The Smoking Habits of James Bond

The superspy has kicked the habit, but the same can’t be said of the people around him.

By Tom Jacobs

Australian actor George Lazenby, who plays James Bond on On Her Majesty’s Secret Service, offers co-star Helena Ronee a light. (Photo: Larry Ellis/Express/Getty Images)

The name is Bond. (Cough) James Bond. (Cough, cough)

The enduring 007 spy-movie franchise isn’t known for its rigorous realism. But if it was, that’s probably the way the legendary secret agent would introduce himself today.

After all, when he was younger, the guy smoked like a chimney.

In an article just published in the BMJ journal Tobacco Control, New Zealand-based researchers Nick Wilson and Anne Tucker analyze tobacco-related behavior in all 24 James Bond films, from 1962’s Dr. No to 2015’s Spectre.

They find the films reflect their respective eras’ views of cigarette smoking, with the amount of such activity decreasing over the decades. Nevertheless, they report only one Bond movie — 2006’s Casino Royale — has “no smoking-related imagery at all,” and conclude that the series’ “persisting smoking content remains problematic from a public-health perspective.”

Not surprisingly, the debonair spy smoked most frequently in the 1960s, puffing away in 82 percent of the films released during the decade (including in bed, while driving, and “even while flying a hang glider”). He lit up early and often, enjoying his first cigarette 18 or 19 minutes into the film, on average.

Bond gradually kicked the habit in subsequent decades, however, and hasn’t smoked at all on screen since 2002’s Die Another Day. While his smokin’ (in a metaphorical sense) sexual partners also became less interested in cigarettes over the years, at least one of his lovers was still inhaling as late as 2012’s Skyfall.

“Such smoking would have meant high levels of secondhand smoke exposure for Bond, especially with post-coital smoking,” the researchers note. Fortunately for him, they add, his exposure was limited by “the typically brief nature of his relationships.”

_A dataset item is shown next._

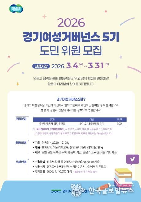 (한국글로벌뉴스 - 박소연 기자) 경기도여성비전센터가 2026년 ‘경기여성거버넌스’에서 활동할 도민위원을 오는 3월 31일까지 모집한다.
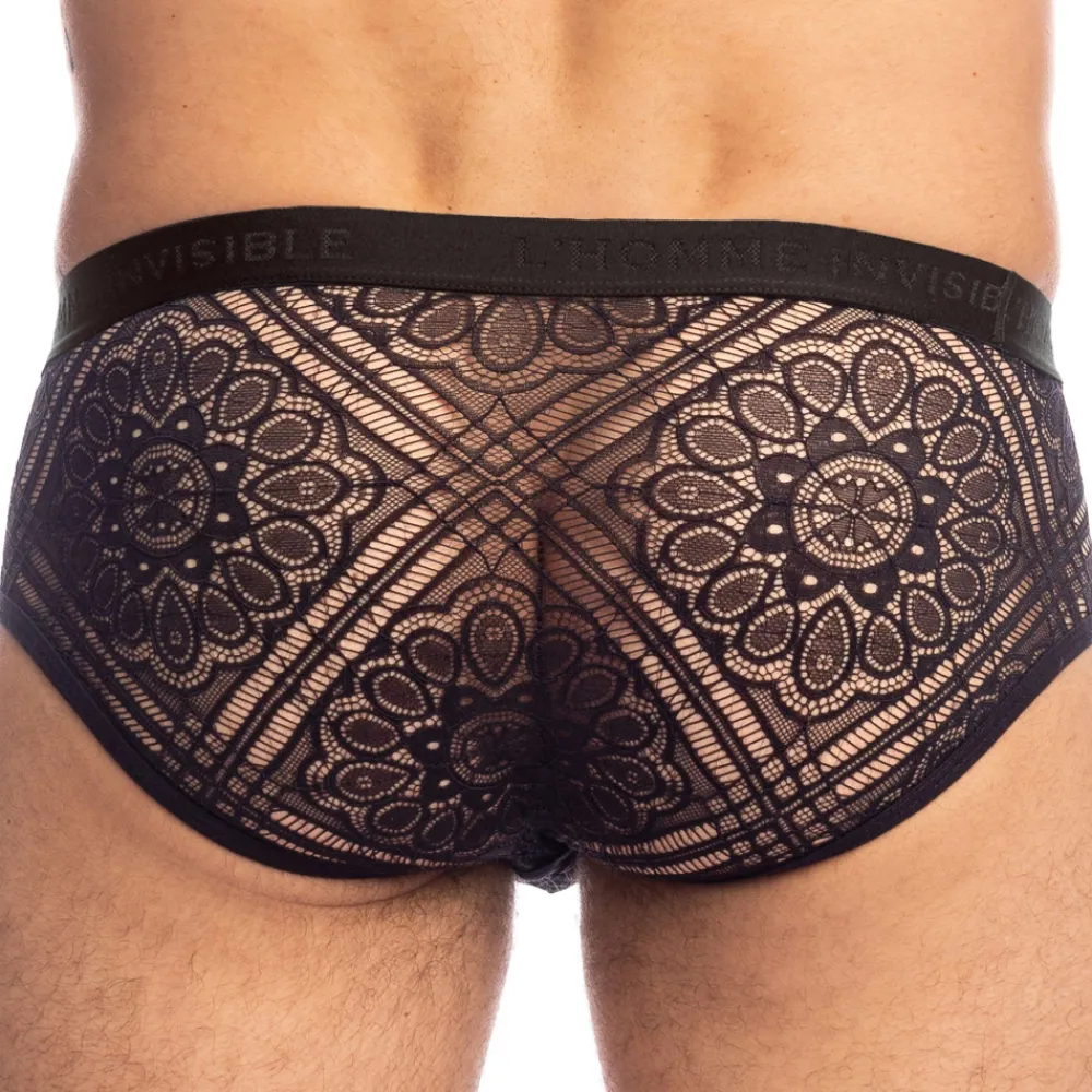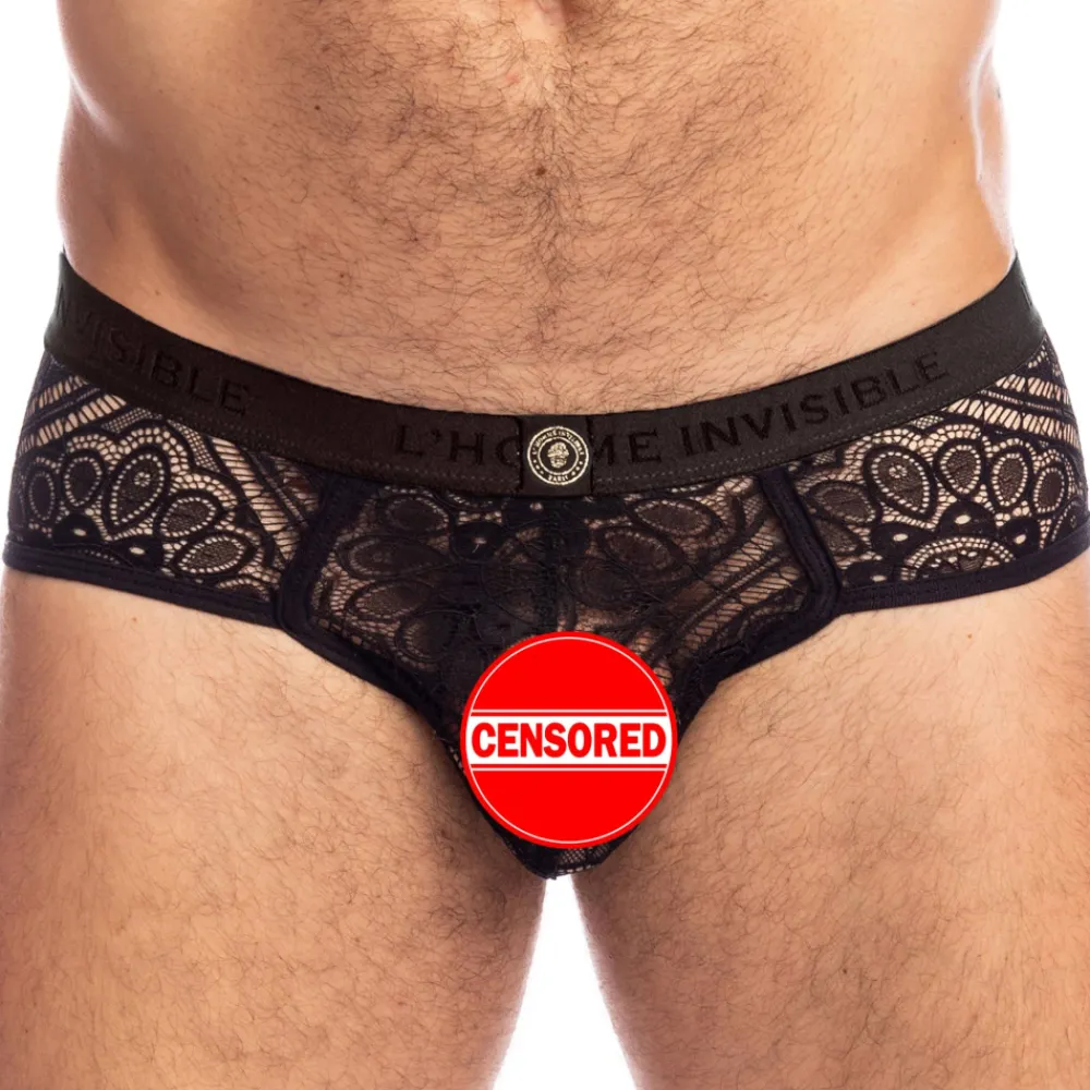Slip élégant et sophistiqué en dentelle douce, légère et confortable. Tissu transparent orné d’un superbe motif. Coupe taille basse ajustée. Poche frontale ergonomique push up non doublée, pour une totale transparence. Ceinture élastique signée L’homme Invisible.

But smoking hasn’t always been portrayed as sexy in these films. In 1967’s You Only Live Twice, “a villain using a covert x-ray to look for hidden weapons on Bond’s person proffered the advice: ‘You should give up smoking. Cigarettes are very bad for your chest.’”

Anti-tobacco messages can also be found in several subsequent films, including a scene in 1997’s Tomorrow Never Dies in which Bond calls smoking “a filthy habit.”

“Bond’s smoking behavior seemed at odds with his need for physical fitness,” the researchers note. “But it does fit with a possible perception of a low life expectancy, given a cumulative total of thousands of bullets being fired at him, and … a very high intake of martinis.”

The most recent film in the series, Spectre, contains “no smoking by major associates of Bond,” they add. “But there was still smoking by others, including indoors.”

Wilson and Tucker find that troubling; they find a “need to continue to advocate for reducing smoking in movies, including R classifications on movies with smoking content.” As they point out, a 2016 meta-study found adolescents who were exposed to more movie images of smoking had a 46 percent higher risk of taking up the habit than their peers.

That’s a statistic that should leave us shaken, if not stirred.